By PSS | Posted: Friday June 8, 2018
After two years and 245 days away from New Zealand, Alex McBurney returned from WWII not much older than 23, but having seen things most wouldn’t in an entire lifetime. He speaks of the horrors of those trenches, the endless boredom and monotony, and of burying men while they were still warm – experiences he shares very rarely.
“I was conscripted when I was 19 years old. A boy who hadn’t been past gore in his lifetime.” Two months after his 21st birthday he was serving in Monte Cassino. McBurney was a truck driver. “Our job was to take the ammunition into the guns. At Cassino, we were night and day. The shells were heavy. It took two of us to lift a box onto the back of the truck,” he says. “I didn’t have a driver's licence. I was just a boy.”
The Battles of Cassino were among the most savage of WWII. It took four assaults to capture Monte Cassino, and drive back German troops. When Cassino finally fell in May 1944 the losses were severe with over 55,000 Allied casualties. A total of 343 New Zealanders were killed.
“I can remember our Padre telling us, “Don’t bury anybody, unless I’m there.” It made no difference to us. They were still warm. But we knew they were dead. And we buried them.”
“I was wounded at Cassino.” Alex says. “It was cold, wet and miserable. I was lying flat on the ground. And this bit of shrapnel went right across my bum.” He crawled to the closest trench. A bombardier was at the bottom, lying in water. Alex lay on top of him. “When it was over, the bombardier was covered in my blood.”

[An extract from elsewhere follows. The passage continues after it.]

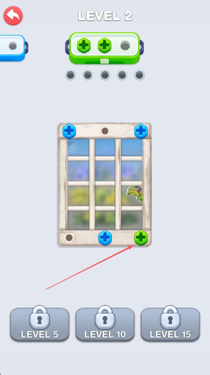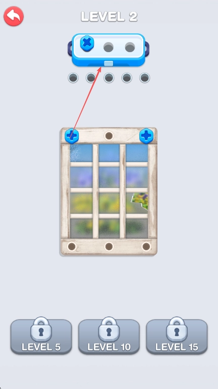 进入关卡后,先查看窗户上需要拧螺丝的孔洞所在位置,再看看上方配备的螺丝组件。

Away from the front line, the soldiers faced different day-to-day struggles. “We ate Bully Beef every day. Fried, stewed.” Alex explains watching the cook cut maggots from a block of beef. “I was only seven stone when I came home.” The soldiers always slept on the ground, “If we could get a stone wall on one side and a truck wheel on the other, we were reasonably safe.”
When Alex talks of climbing the pyramids, it’s clear the soldiers were just boys. “I climbed up the one that was smooth up the top,” he recalls. He went into the Colosseum in Rome, and down the canals of Venice. His division joined a swimming relay competition with other soldiers while based in Egypt. “We represented New Zealand in the final in the Gezira sporting complex in the middle of the Nile. We won.”
Alex was engaged to Elma in 1942 while on his final leave. “The next day I left her and I didn’t see her for three and a half years.” The two kept in touch over a series of letters, Alex writing when he could, Elma sending often and as much as she could. “They were books,” chuckles Alex.
Alex talks of the day he heard the war ended. “It was at night time. It was dark and we heard it over the radio that the war had finished.” His platoon drove into Venice the following day. “We got in the gondolas. They took us up the Grand Canal, under the Rialto bridge and into St Mark’s Square. The gerrys didn’t know the war was over. We didn’t have our rifles with us, we’d left them back with our trucks. They were firing, and we were running for our lives, but we got out.”
Alex arrived home on January 3rd. “We must have been about ten miles out, we could see the land. But boy, we could smell it. Home. ”
“On the railway platforms, there were great tables of scones. With butter on them. With cream, and jam on them. Oh, I was sick the next day.”
Anzac Day pays tribute to the Kiwi and Australian soldiers who fought in the great wars and honours the fallen. It’s a day of remembrance. “Elma and I always went to the dawn service in Invercargill,” Alex says, but when the couple moved to Queenstown thirty years ago there was no official service. “I assume there is one now, but no. I’ll go to golf.” Alex McBurney, a resident now of Frankton Court, is 98 years young, and plays golf four times a week. “If you asked any returned service man, they’d say yes, have a day of remembrance. But whatever you want to do, go and do it.”